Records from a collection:
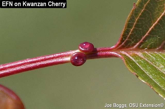 꽃과 곤충의 관계가 이렇게 번식의 문을 열어준다면, 잎과 개미의 관계는 생존의 문을 지킵니다. 벚나무 일부 종의 잎자루 끝에는 작은 꿀샘이 달려 있습니다. 꽃과는 관계없는 자리입니다. 잎이 아직 연할 때 그곳에서 단물이 맺히고, 개미가 모입니다.
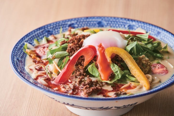 【イベント限定】担担麺の掟を破る者(南館7F)「冷製豆乳たんたん麺」1,397円 黒ごまを練り込んだ麺に、野菜、ひき肉、レンコンチップ、温玉をトッピングした「冷製豆乳たんたん麺」。醤油のかえしと練りごまを加えた豆乳ベースのひんやりスープは、飲み干したくなる味わいです。
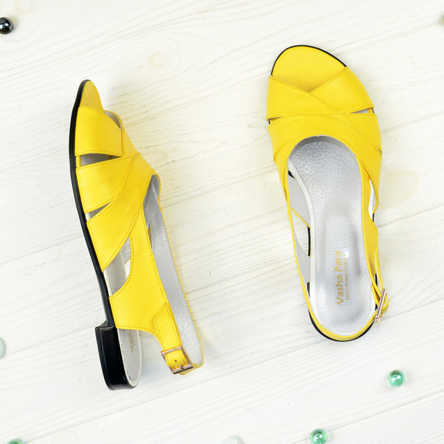 Жіночі шкіряні босоніжки на низькому ходу. Стильні і модні - добре сидять на ніжці, підошва легка і зручна. Виготовлені з натуральної шкіри жовтого кольору. Повномірні, відповідають стандартній розмірній сітці.
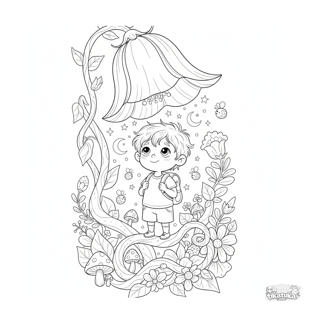Página para colorear para niños de 7 a 9 años: un niño dentro de una flor de luna gigante mágica en un jardín nocturno. Escena fantástica.
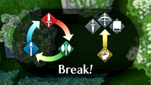 使用优势武器攻击敌人,命中时会让敌人陷入“break”状态,在该状态下的单位,直到下一场战斗结束前将无法反击。
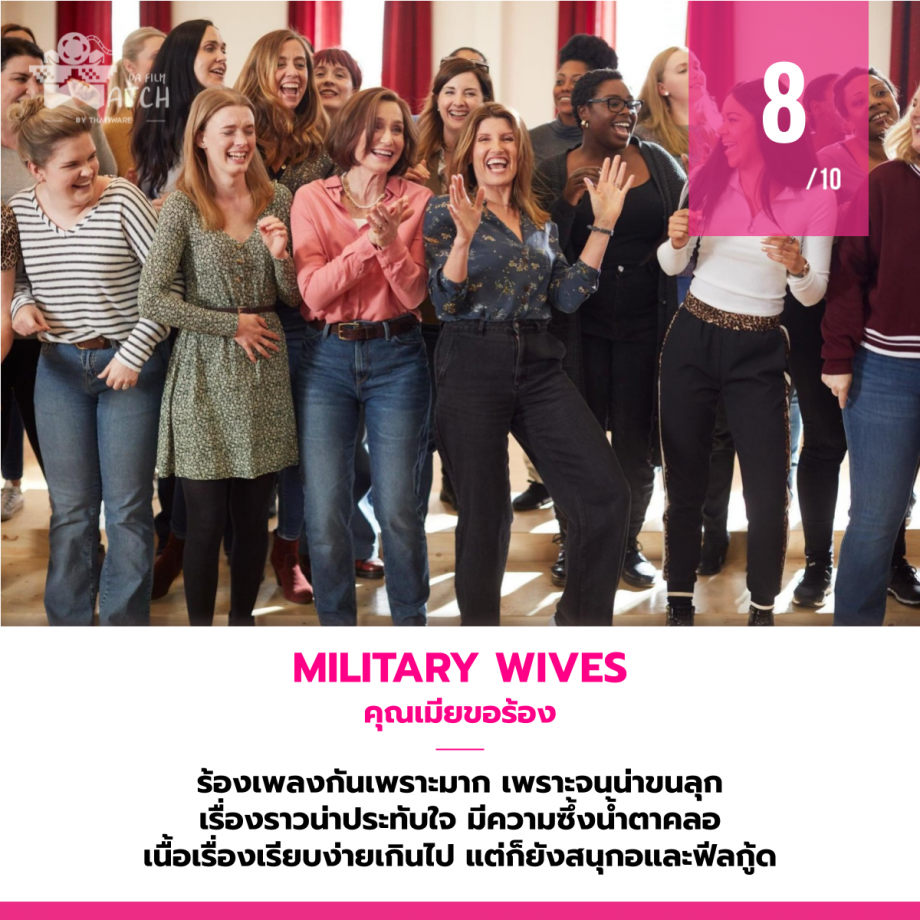 หนัง Military Wives เรื่องราวของกลุ่มภรรยานายทหารที่สามีของพวกเธอรับใช้ชาติ พวกเธอจึงออกมาร้องเพลงให้กลายเป็นพลังส่งต่อกำลังใจให้กลุ่มภรรยาทหารด้วยกัน
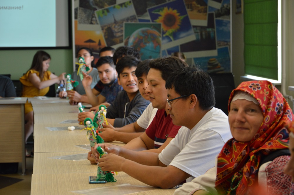 Доцент кафедры теории, педагогики и методики начального образования и изобразительного искусства Елена Иващенко провела мастер-класс по изготовлению куклы-берёзки, по которой девушки гадали на суженого. Студенты-иностранцы активно включились в процесс изготовления куклы-закрутки, узнали о значении её безликости. Молодые люди взяли с собой куклу-оберег на память.
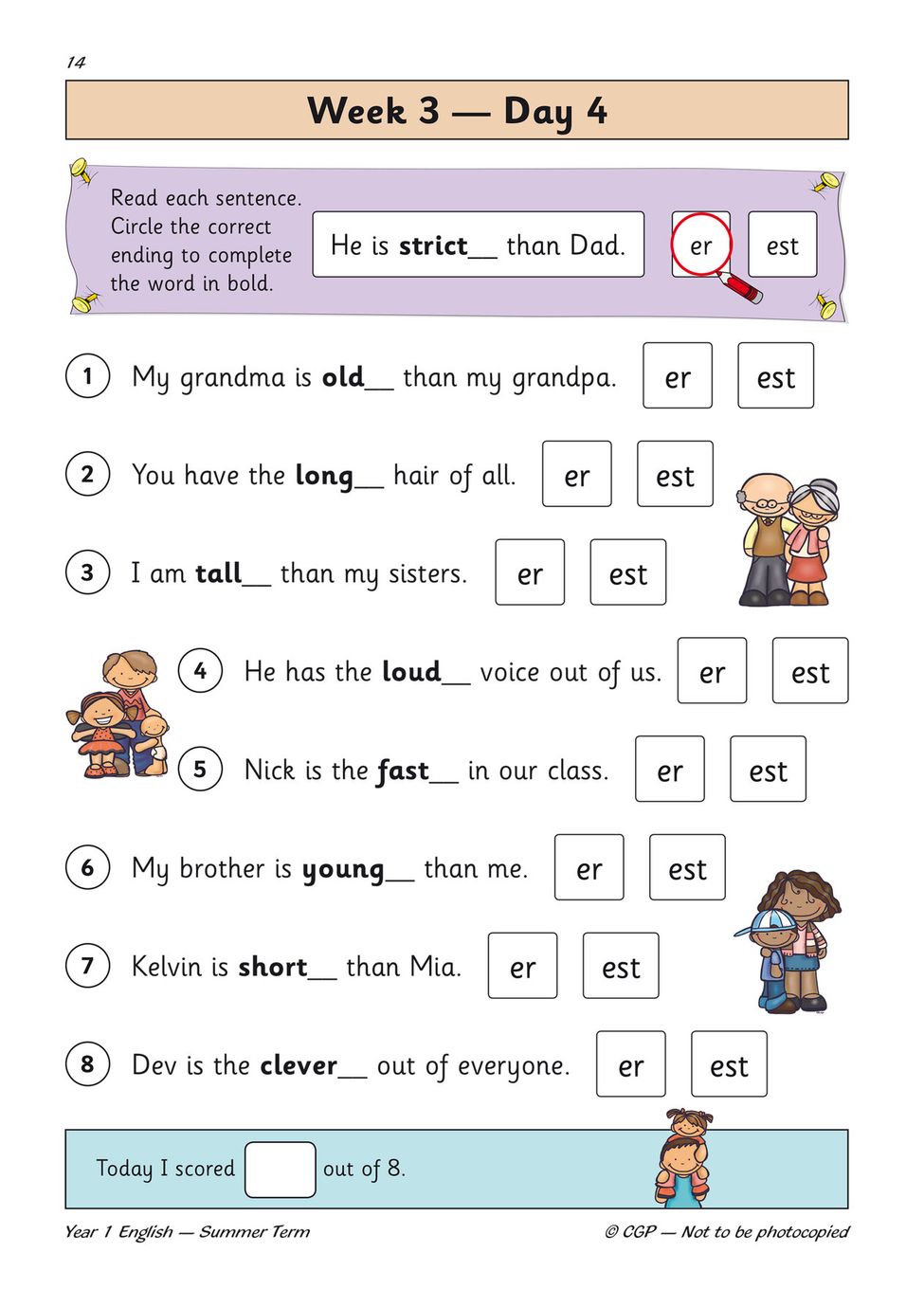 - One page of English practice for every school day of the summer term, covering spelling, punctuation, grammar, reading comprehension, handwriting and writing

▶ _Exercise goal_
Pictures are to be dropped; the lines from the start of the entries above through the line with "Доцент кафедры теории, педагогики" are to be given again verbatim.

▶ _Answer to the exercise_
 꽃과 곤충의 관계가 이렇게 번식의 문을 열어준다면, 잎과 개미의 관계는 생존의 문을 지킵니다. 벚나무 일부 종의 잎자루 끝에는 작은 꿀샘이 달려 있습니다. 꽃과는 관계없는 자리입니다. 잎이 아직 연할 때 그곳에서 단물이 맺히고, 개미가 모입니다.
 【イベント限定】担担麺の掟を破る者(南館7F)「冷製豆乳たんたん麺」1,397円 黒ごまを練り込んだ麺に、野菜、ひき肉、レンコンチップ、温玉をトッピングした「冷製豆乳たんたん麺」。醤油のかえしと練りごまを加えた豆乳ベースのひんやりスープは、飲み干したくなる味わいです。
 Жіночі шкіряні босоніжки на низькому ходу. Стильні і модні - добре сидять на ніжці, підошва легка і зручна. Виготовлені з натуральної шкіри жовтого кольору. Повномірні, відповідають стандартній розмірній сітці.
Página para colorear para niños de 7 a 9 años: un niño dentro de una flor de luna gigante mágica en un jardín nocturno. Escena fantástica.
 使用优势武器攻击敌人,命中时会让敌人陷入“break”状态,在该状态下的单位,直到下一场战斗结束前将无法反击。
 หนัง Military Wives เรื่องราวของกลุ่มภรรยานายทหารที่สามีของพวกเธอรับใช้ชาติ พวกเธอจึงออกมาร้องเพลงให้กลายเป็นพลังส่งต่อกำลังใจให้กลุ่มภรรยาทหารด้วยกัน
 Доцент кафедры теории, педагогики и методики начального образования и изобразительного искусства Елена Иващенко провела мастер-класс по изготовлению куклы-берёзки, по которой девушки гадали на суженого. Студенты-иностранцы активно включились в процесс изготовления куклы-закрутки, узнали о значении её безликости. Молодые люди взяли с собой куклу-оберег на память.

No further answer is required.